Like almost every report, there are things I’d change with the execution of this report. My primary criticisms are two fold. First, the report has too much text. I don’t think most readers have the time to sift through thousands of words to find the gems in the report. Second, the report lacks focus, a common criticism of mine. Reading the Foreword, Executive Summary, and Who’s Attacking the Cloud? sections don’t tell me what I, the reader, will gain by spending time deep in the report.

Once through the background and introduction of this report, it has a lot to offer. Start on page 6, read through page 16, skip the intro and conclusion. I give this volume of the Cloud Threat Report a grade of B+ overall.

The Good: I love the fact that this report links to external resources for the reader. There are multiple links to other research by the same team, a plus in my view, but it’s the link to MITRE, NIST, etc. that add weight to the already good analysis.

There are a pair of diagrams that show the methodology used in attacks, well supported by the text. The remaining visualizations are simple, but useful. I’ll take a simple plot I can read at a glance over a complex plot I have to examine at length to understand. I also like the ‘Key Takeaway’ listed for each of the threat actors later in the report. The tables of TTPs associated with each of the threat actors is a mixed bag, mostly because the tables span more than one page.

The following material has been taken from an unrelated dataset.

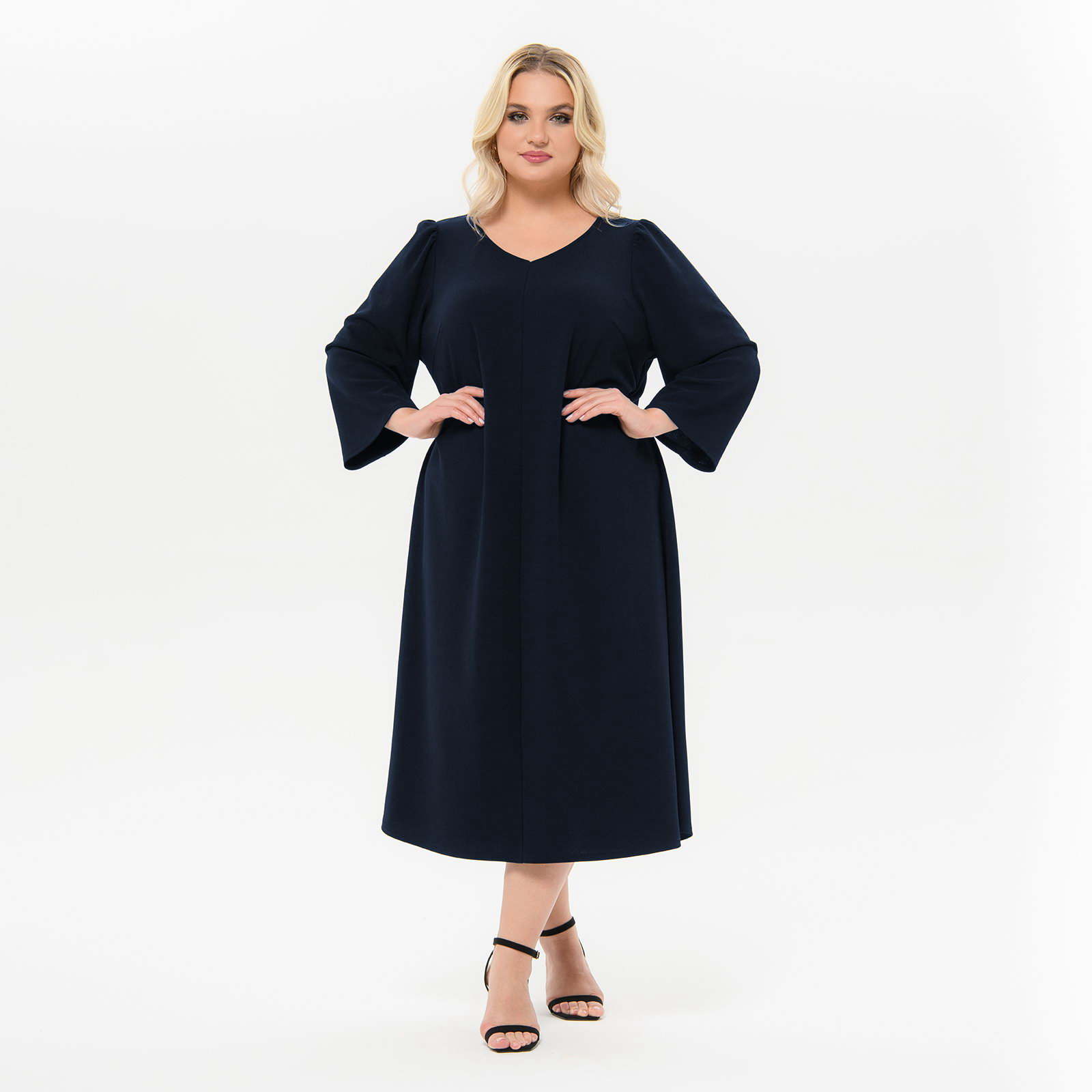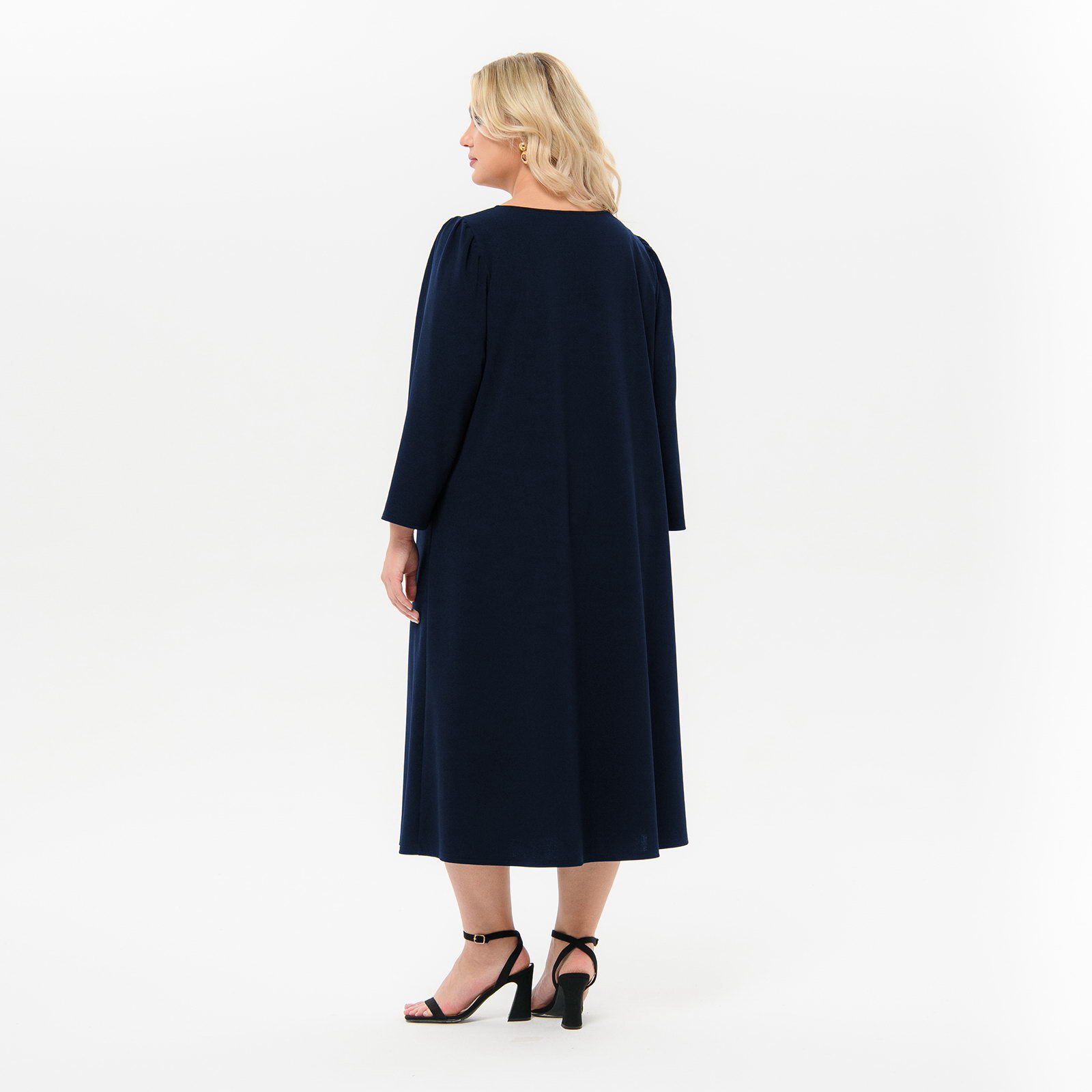 Темно-синий Платье А-силуэта, свободное, из плательного крепа с эластаном.

This report also contains two things I always look for, a methodology section and credits listing the contributors and researchers by name. The methodolgy section isn’t expansive, but it shouldn’t have to be. Explaining the details of where the data comes from tells a reader a lot about how the conclusions were reached. I see too many reports that draw conclusions from very small data sets. Crediting the authors helps them build their own reputation, which is valuble for their careers. It shows support for the individual and a name to reach out to if you disagree with the analysis as a reader. Or am I the only one who does that?

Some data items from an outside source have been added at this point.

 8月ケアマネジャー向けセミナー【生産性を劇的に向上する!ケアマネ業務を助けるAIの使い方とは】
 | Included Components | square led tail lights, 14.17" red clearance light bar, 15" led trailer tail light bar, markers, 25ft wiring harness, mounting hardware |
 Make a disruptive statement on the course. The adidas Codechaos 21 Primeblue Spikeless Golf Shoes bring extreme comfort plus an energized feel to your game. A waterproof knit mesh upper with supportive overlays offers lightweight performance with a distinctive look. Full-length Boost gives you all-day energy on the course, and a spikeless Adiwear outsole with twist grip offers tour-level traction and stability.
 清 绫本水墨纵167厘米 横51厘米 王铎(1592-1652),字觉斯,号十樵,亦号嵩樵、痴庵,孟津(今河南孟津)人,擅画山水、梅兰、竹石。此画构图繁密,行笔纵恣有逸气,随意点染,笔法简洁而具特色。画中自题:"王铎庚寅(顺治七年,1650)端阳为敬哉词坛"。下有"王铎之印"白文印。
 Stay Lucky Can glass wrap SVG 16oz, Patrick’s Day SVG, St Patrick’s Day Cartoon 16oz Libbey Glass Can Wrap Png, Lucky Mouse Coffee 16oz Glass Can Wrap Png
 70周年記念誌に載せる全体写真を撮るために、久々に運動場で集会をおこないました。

The Bad: The report is too text heavy and lacks a clear understanding of what it’s trying to communicate to the reader. As an example, the Foreword is the first thing a reader sees, and it spends nearly half its text talking about a former report. The Executive Summary is not a summary and doesn’t accurately portray the contents. In the first of the four ‘summations’, I would have written “Cloud identities are too permissive – 99% of the cloud users, roles, services, and resources were granted excessive permissions.” Leave that big, bold and simple, leave the exposition to the relevant section of the report.

On a related note, I think the report misses an opportunity by burying an important statistic deep in the report. “62% of organizations have cloud resources publicly exposed.” Coupled with the previous point about excessive permissions, this would help create a story a reporter could run with. Maybe getting press coverage isn’t one of the priorities for the report, but telling a reader a compelling story always should be.

The Conclusion and Recommendations section is weak. Pulling most of a segment from an external resource detracts from the research. In this case, why lean on Gartner language and suggestions when there is more strength on showing your own analysis? I would have dropped the first and last conclusions, linking the ‘Focus on Hardening IAM Permissions’, which is more in line with the majority of the contents.

My criticism are meant to point to how future reports could be made more impactful and more readable. The burden on the reader to wade through the report means a significant portion of readers may never read past the first few pages. Which means they’ll never get to the juicy stuff in the middle and end of the research. It’s a good report overall, but lacks focus and clarity on what’s being communicated to a reader, hence a B+ rating.